The Kremlin has denied any role in Navalny’s poisoning and has rebuffed Western calls for an investigation.

Putin, during a December news conference, seemed to confirm that Navalny was being watched, but he denied that Moscow was responsible for his poisoning. Without referring to Navalny by name, Putin laughed and asked: “Who needs him anyway?

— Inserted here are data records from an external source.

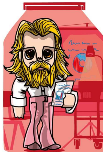
Família dos Professores PAI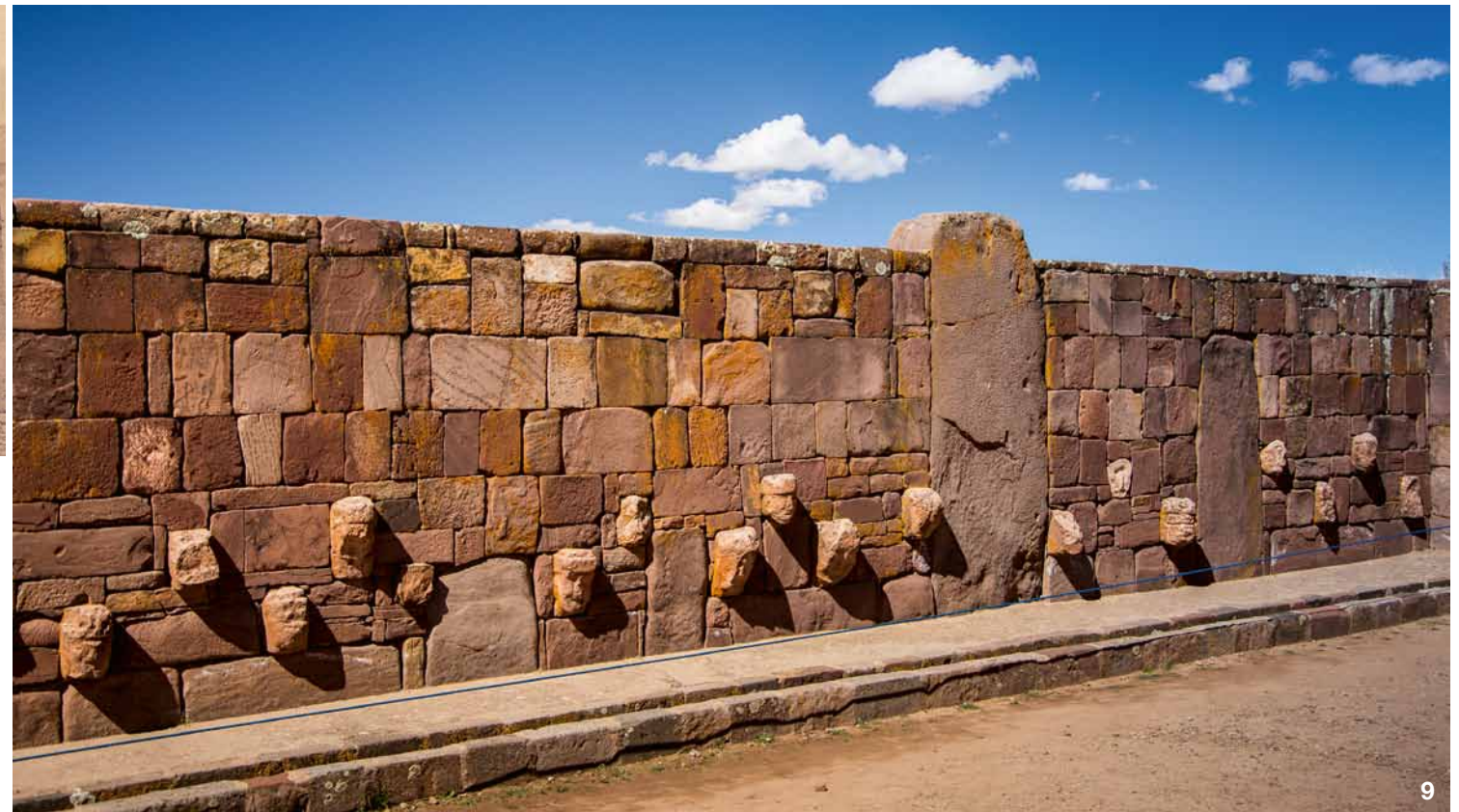
9. ČÁST OBVODOVÉHO ZDIVA Polopodzemního chrámu. 10. CHRÁM KALASASAYA , vlevo Ponceův monolit, vpravo monolit zvaný Mnich (Fraile), také nazývaný Bůh vody, vzadu pyramida Akapana.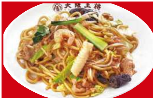
もちもち太麺の炒め焼きそば 税込680円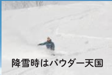
降雪時はパウダー天国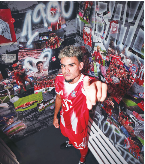
▲ 德甲豪門拜仁以 7500 萬歐元，買下英超豪門利物浦將邊鋒迪亞斯，成今夏第 16 樁高額引援。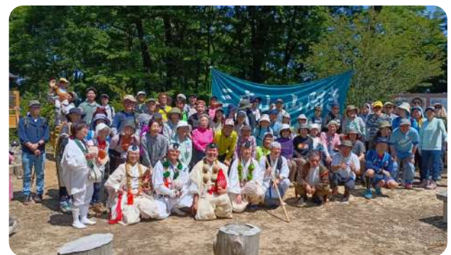
【三床山を愛する会】

山頂では、神事、白山龍鳴会による恒例で人気の法螺貝吹鳴や護摩焚き等もあり、参加者は眼下に広がるパノラマ景色を眺め、感動しながら楽しいひとときを過ごしました。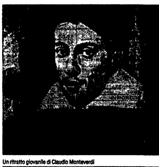
Un ritratto giovanile di Claudio Monteverdi

ROMA. «A Capetown, dove sono nato, vivevamo nei ghetti, in una capanna coi muri fatti di carta, l'acqua che entrava dal tetto quando pioveva, il bagno fuori, in una specie di stanzino messo su con poche assi di legno».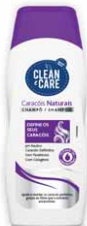
Caracóis Naturais Natural Snails Escargots Naturelles Rizados Naturales

250 ml Un. p/Cx: 1x12 Cód.: 5600441654005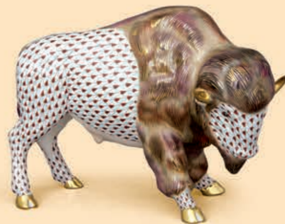
Bison Bölény 15098000VHSP15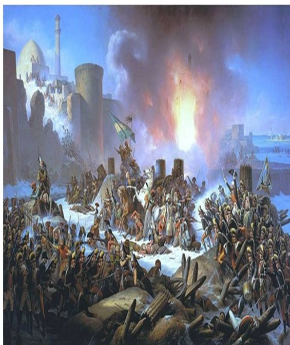
Figura 3 - Cerco à cidade de Oczacow, em 1788.

Em 1786, começou uma nova fase deste conflito e a Rússia desenvolveu uma campanha militar, dirigida pelo célebre General Potemkine, para conquistar a Crimeia. Gomes Freire participou nesta campanha, após se ter apresentado na capital russa (S. Petersburgo), em Julho de 1788, sendo enviado logo para a guerra integrando as forças do príncipe Potemkine. Através da obra de António Ferrão [5] podemos acompanhar o percurso de Gomes Freire na Rússia, acompanhado de outros dois oficiais portugueses: Manuel Inácio Martins Pamplona Corte Real e António de Souza Falcão. Gomes Freire apresentou-se a Potemkine quando este preparava a campanha terrestre e o cerco à praça de Oczacow. A esquadra russa já se tinha apoderado de Cronstadt mas as suas forças terrestres tinham ficado imobilizadas em Oczacow [6] perante a forte resistência turca naquela praça de guerra.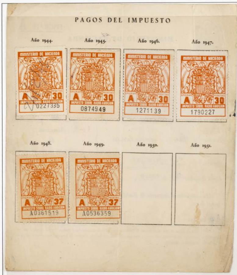
Impuesto sobre Radioaudición. Documento fechado el 31 Enero de 1944. Contiene cuatro sellos de 30 Pts serie A de los años 1944 al 47 y dos de 37 Pts. para el año 1948 y 49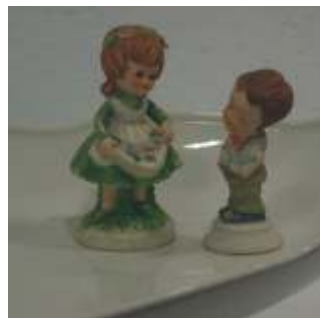
¿Qué hay para cenar esta noche? 2004, 28x28x16 cms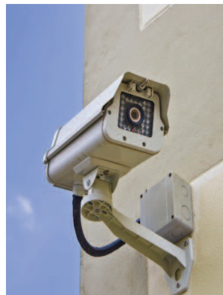
Montaż monitoringu na remizie OSP w Tuszowie, remizie OSP w Wierciszowie, OSP w Chmielu, świetlicy w Skrzynicach-Kolonii, SP w Czerniejowie (sołectwa: Tuszów, Wierciszów i Skrzynice-Kolonia, Czerniejów, Chmiel-Kolonia)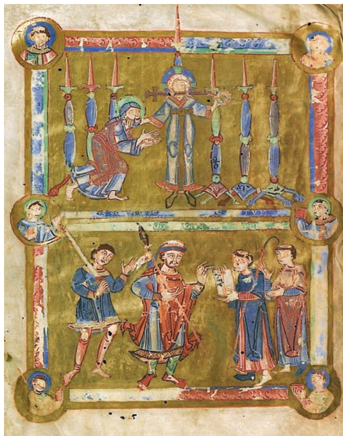
Obr. VIII/2: Iluminace k Janově Apokalypse (Zj 1, 13–17). Spytihněv II. předává novému sázavskému opatu listinu (Svatovítská apokalypsa / Apocalypsis; 1060–1061).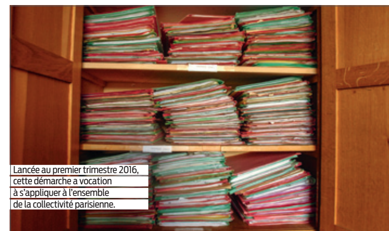
Lancée au premier trimestre 2016, cette démarche a vocation à s'appliquer à l'ensemble de la collectivité parisienne.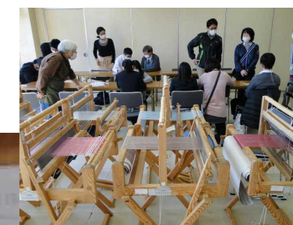
校外施設見学（かみつけの里博物館）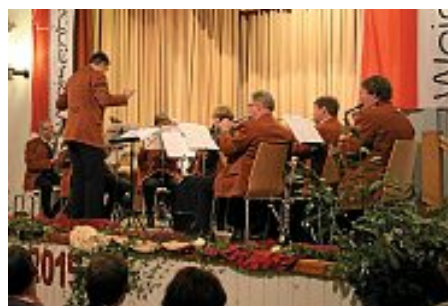
Musikalische Umrahmung durch die Musikkapelle Au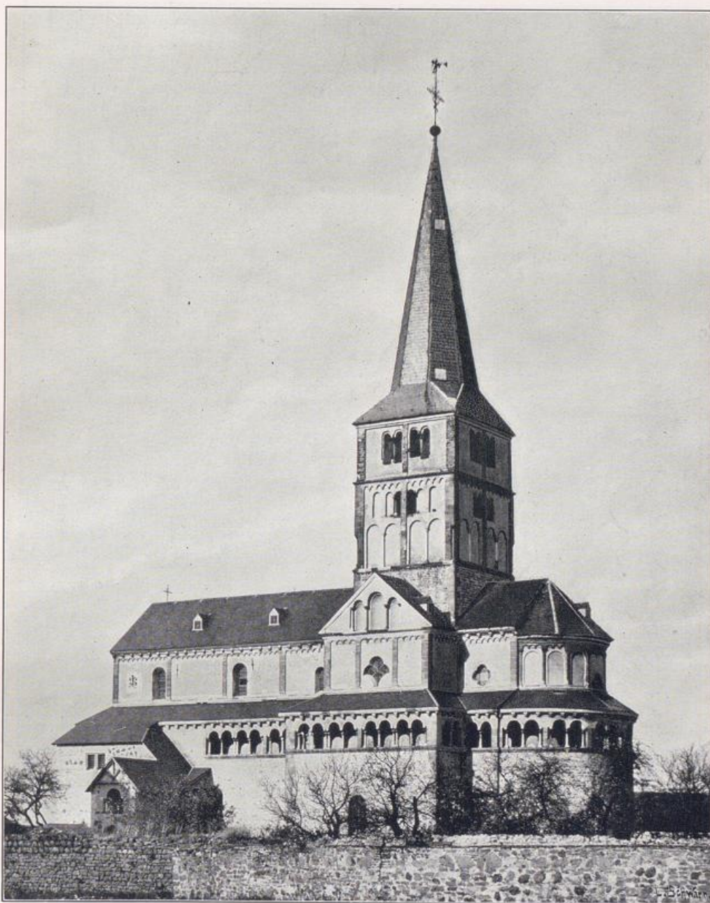
Doppelkirche zu Schwarzrheindorf.

Weihe 1151 als Burgkapelle. Anbau an das Langhaus 1173. Inneres siehe Seite 4 und 5.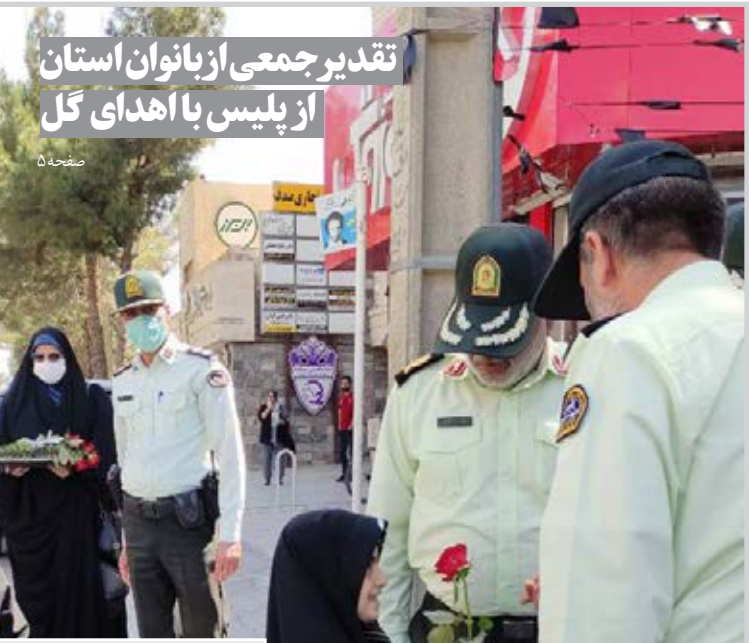
تقدیر جمعی از بانوان استان از پلیس با اهدای گل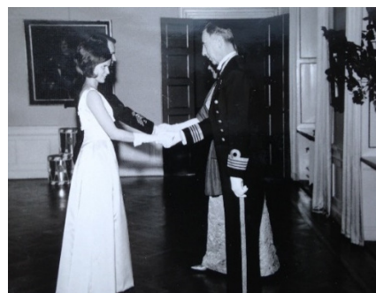
Skolchefen hälsar elever med dam välkomna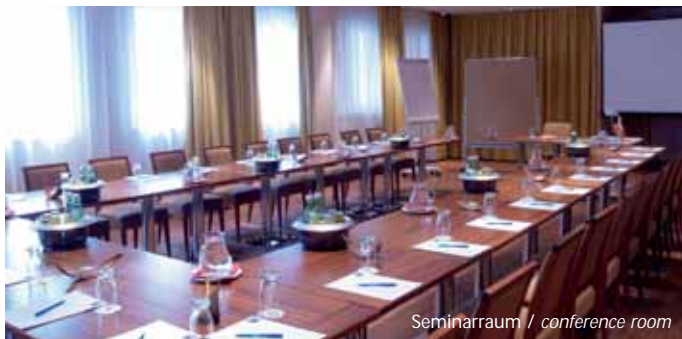
Seminarraum / conference room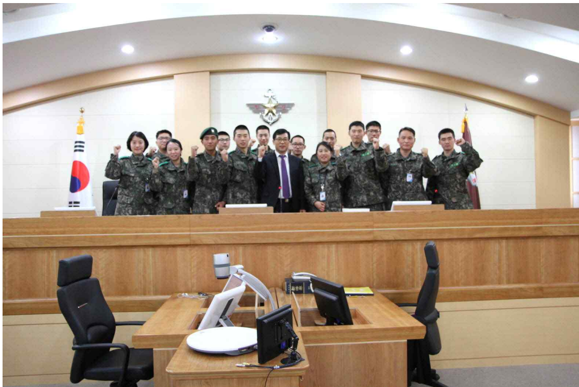
국군의무학교 교육단 방문 (2013.12.06.)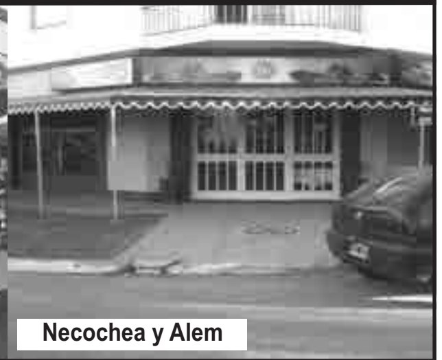
Necochea y Alem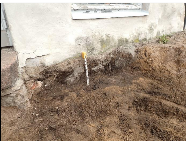
Tummaa tiilimurskankeskaista maata Kappalaisentalon juurella.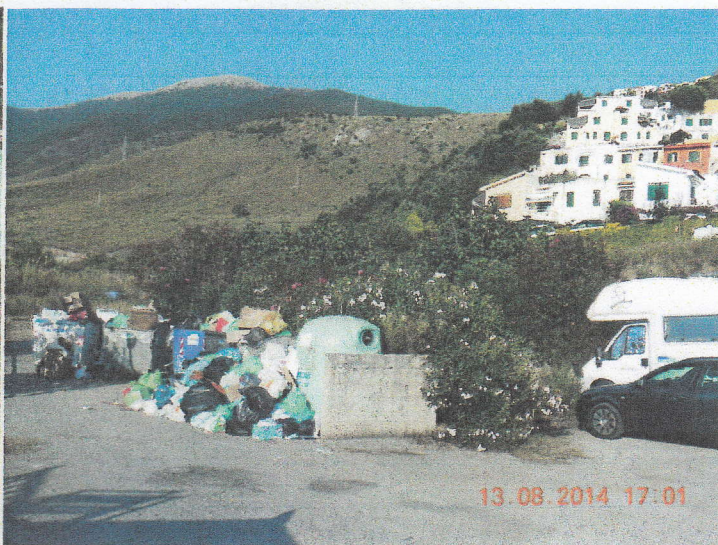
Foto NN 1-2 - Situazioni all'ingresso del Villaggio del Bridge verificatesi per molti giorni consecutivi e in tante riprese a partire da giugno a metà agosto. 13/08/2014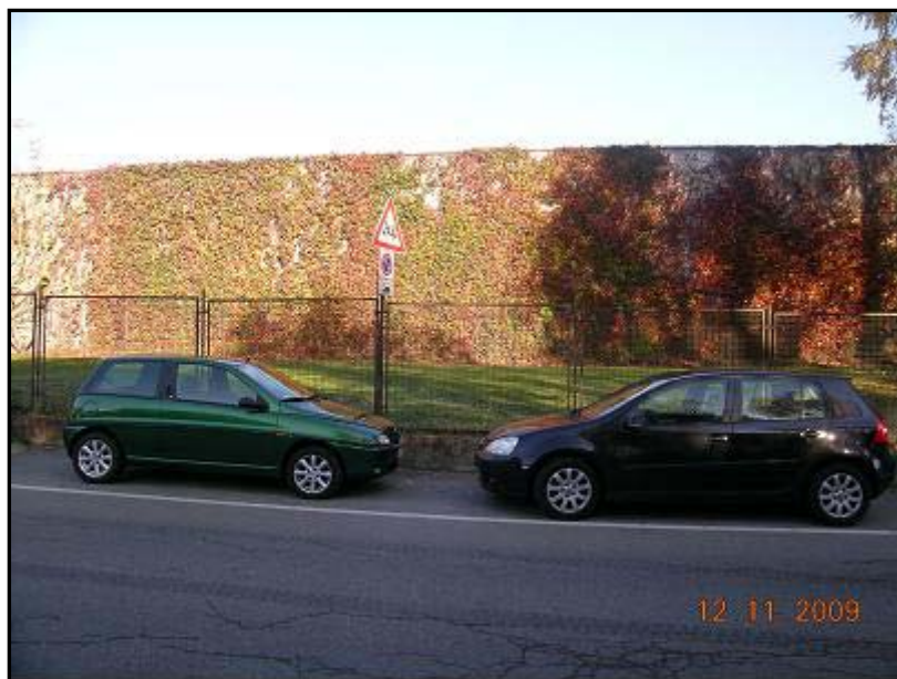
Figura 11 Via 2 Giugno

If we had really wanted, we’d have finished the job.”

Andrei Kolesnikov, chairman of the Russian Domestic Politics Program at the Carnegie Moscow Center, tweeted that “Navalny’s reception by the authorities at the airport is the best evidence of how afraid they are of him.”

“They themselves are inflating the importance of Navalny,” Kolesnikov said. “This disavows Putin’s ironic question: ‘Who needs him?’ “

But the government’s messaging on Navalny – alleging without evidence that he’s working with the CIA – has had some success in shaping Russian public opinion.

Forty-nine percent of Russians polled by the independent Levada Center in late December said the poisoning was either staged or “a provocation of Western special services.” Fifteen percent said it was an attempt by authorities to eliminate a political opponent.

Navalny’s return under threat of arrest could boost his popularity. Other prominent activists, such as businessman Mikhail Khodorkovsky and chess legend Garry Kasparov, continue to criticize the Kremlin, but from abroad.

Ruslan Karadanov, who went to the Berlin airport Sunday to show support, said Navalny was “very brave” to go back.

“If he wants to continue his political activity, he has no other choice,” he said. “Here in Germany, he’ll just be forgotten.”

In announcing his homecoming, Navalny said he “never considered the choice whether to go back or not.”